4. Create Alerts for Metrics

You can create alerts based on the metrics you want to monitor. For instance, you might want to create an alert if CPU usage exceeds a certain threshold.

Steps to create an alert:

Navigate to Azure Monitor > Alerts.

Select + New Alert Rule.

Choose the VM as the resource and select the metric (e.g., CPU usage).

Set the condition (e.g., CPU > 80% for 5 minutes).

Set the action group to send notifications (email, SMS, etc.).

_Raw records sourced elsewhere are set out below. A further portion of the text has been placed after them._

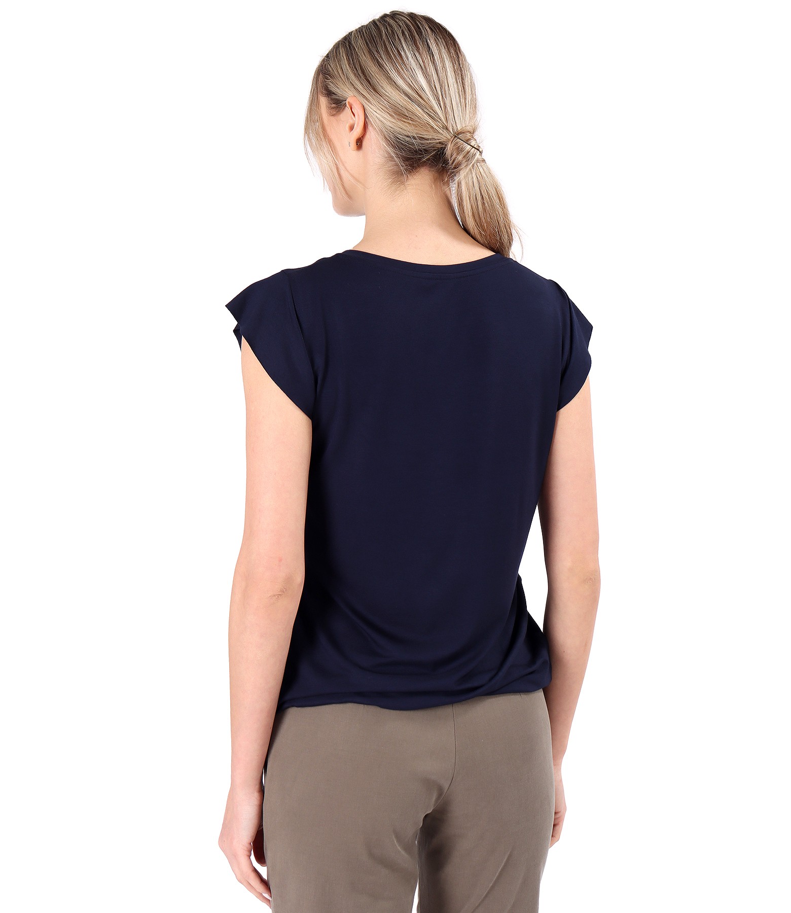 Bluza din jerse elastic uni cu flori aplicate la decolteu (Bleumarin), marimea
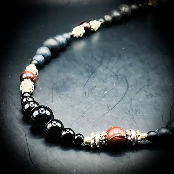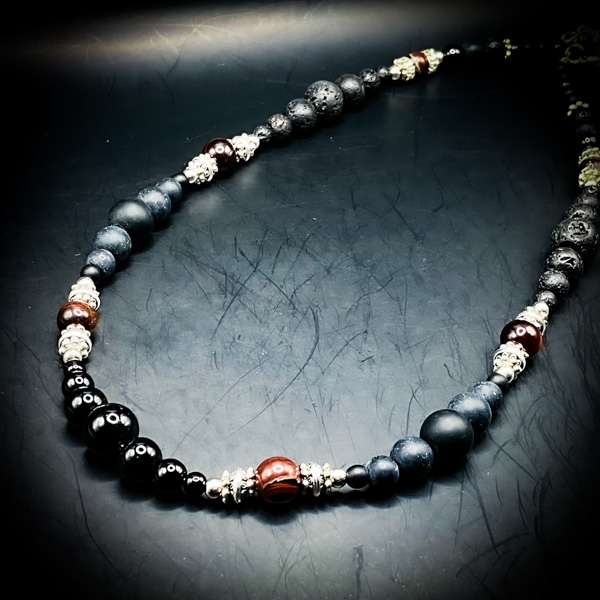 「イノス・タイド」は、深海の闇と荒波を統べる海神イノスが、選ばれし術者に授けたとされる浄化と転換の魔導具である。黒曜の光を放つ漆黒石は“停滞を断つ刃”の象徴であり、赤の魔珠は“運命を燃え立たせる灯火”として、持ち主の行く先に潜む負の潮流を強烈に押し返す。
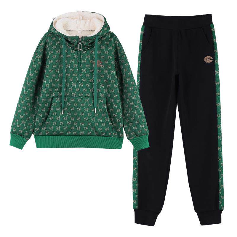 时尚 洋气花色连帽动卫衣休服两件 女冬厚闲新款 加742474绒加运套装由
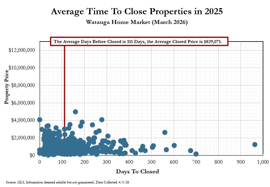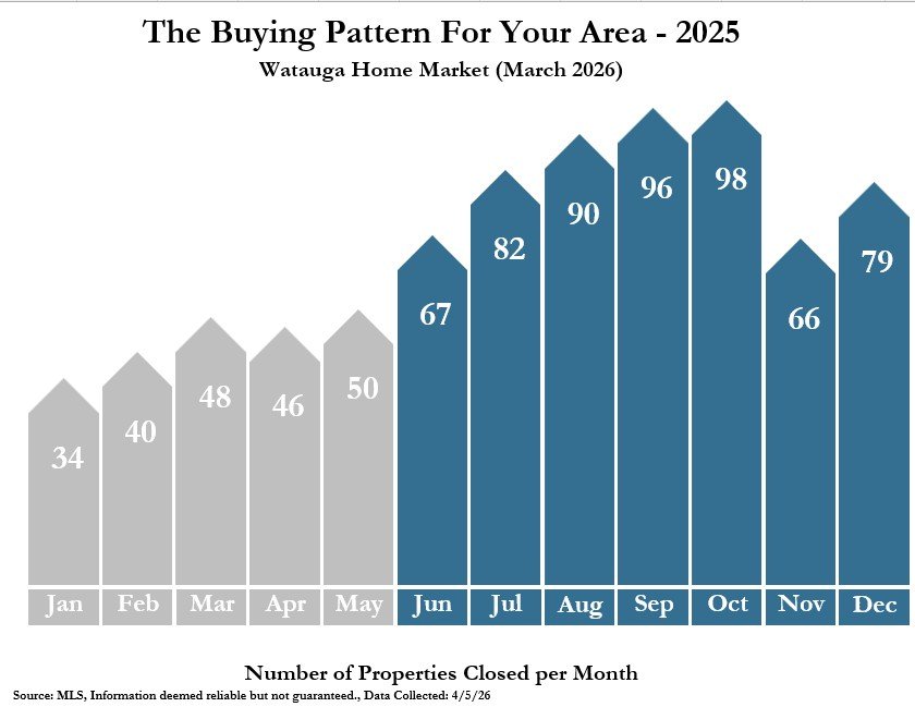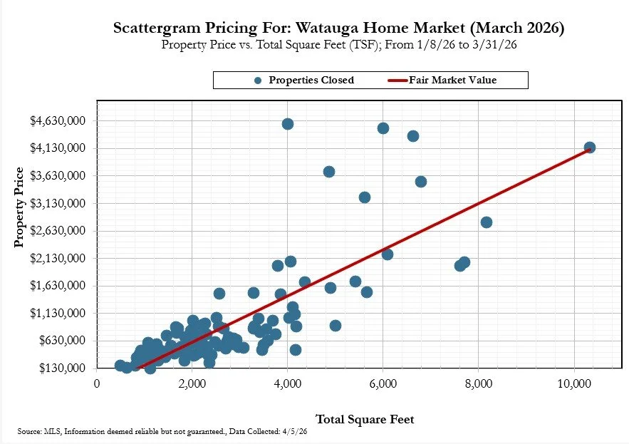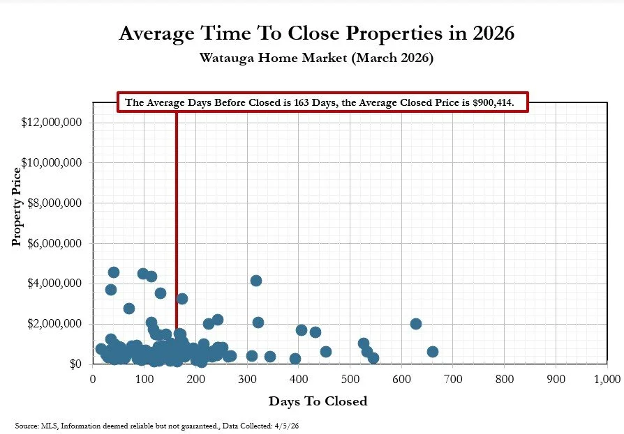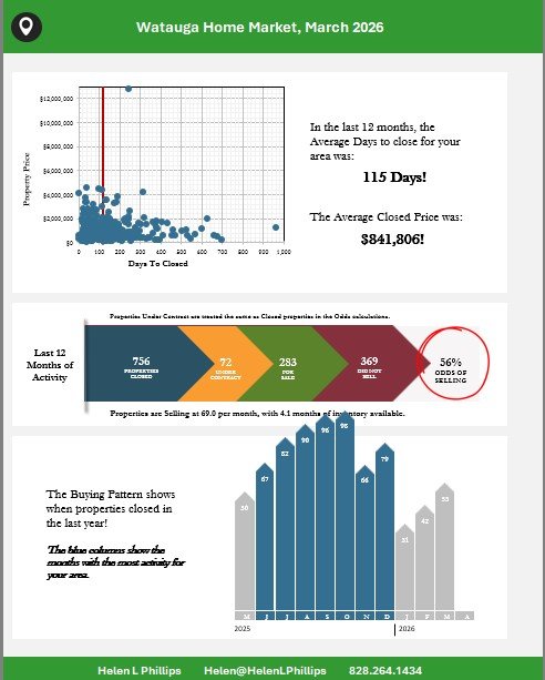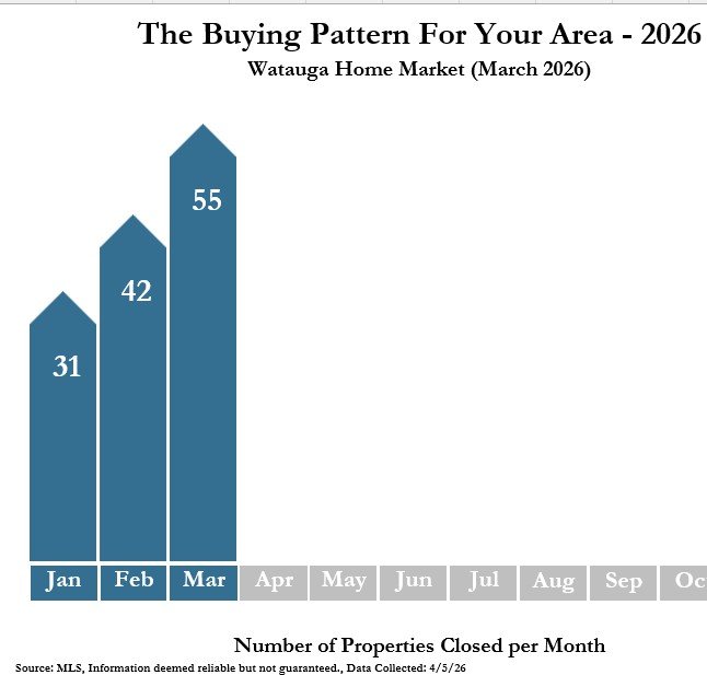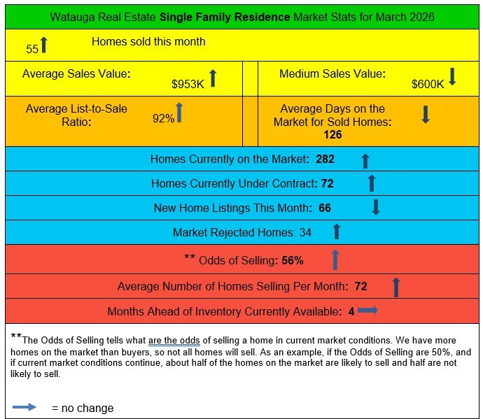 In the Watauga home market, the number sold is up a bit from the very low level of sales in January and February. The average sales value increased quite a bit, which includes a number of sales well over $1 mil. Sales are happening a tad faster, with a slightly higher list-to-sale ratio. The Odds of Selling have picked up - good news for sellers!
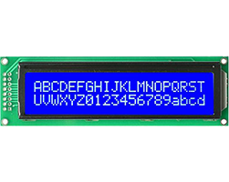 晶漢達(JHD)社製キャラクタ液晶モジュール、表示形式:FSTNネガティブ、文字数 x 行数:20 x 2、内蔵コントローラ:SPLC780D、1/16、文字表示色:白色、LEDバックライト:青色、表示領域(VA):91.6x18.6 mm、外形寸法:116.0x37.0x13.5 mm、データシート、表示価格:1
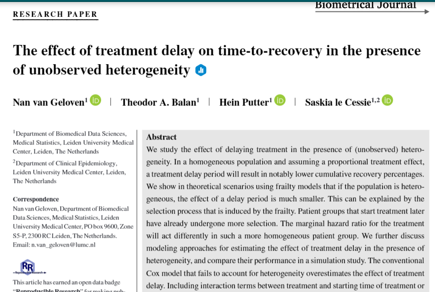 No better way to start my twitter adventure than posting my latest paper (online this week) Q: What is the effect of delaying the start of a treatment? A: depends on the amount of heterogeneity in the patient population. https://onlinelibrary.wiley.com/doi/epdf/10.1002/bimj.201900131 … with

Click Create to set up the alert.

5. Use Built-in VM Insights (Optional)

Azure provides VM Insights, a feature within Azure Monitor that allows you to monitor the performance and health of VMs with richer, pre-built dashboards.

To enable VM Insights:

Go to the Azure Portal and search for VM Insights.

Click on the Enable button.

Once enabled, VM Insights will provide rich visualization dashboards for performance counters, VM health, and more.

You can also query this data in Log Analytics for detailed insights into your VMs.

6. Compliance and Governance

If you're looking to ensure compliance across multiple VMs:

• You can check the Compliance section under the Policy service in Azure Portal.
• If the policy is correctly assigned and enforced, your VMs will show up as compliant for diagnostic settings and monitoring.
• You can use Azure Policy Compliance Scans to regularly verify that the required diagnostics are enabled across your environment.

Summary of Steps:

1. Create/Assign Azure Policy to deploy diagnostic settings on VMs.
2. Enable Diagnostic Settings to send metrics to Azure Monitor, Log Analytics, or Event Hub.
3. View and Analyze Metrics via Azure Monitor and VM Insights.
4. Optionally, Set up Alerts based on specific metrics.
5. Monitor Compliance to ensure policy enforcement.

With this approach, you’ll ensure that diagnostic settings are enabled across your VMs, and you can monitor them using Azure Monitor, while leveraging Azure Policy to enforce governance.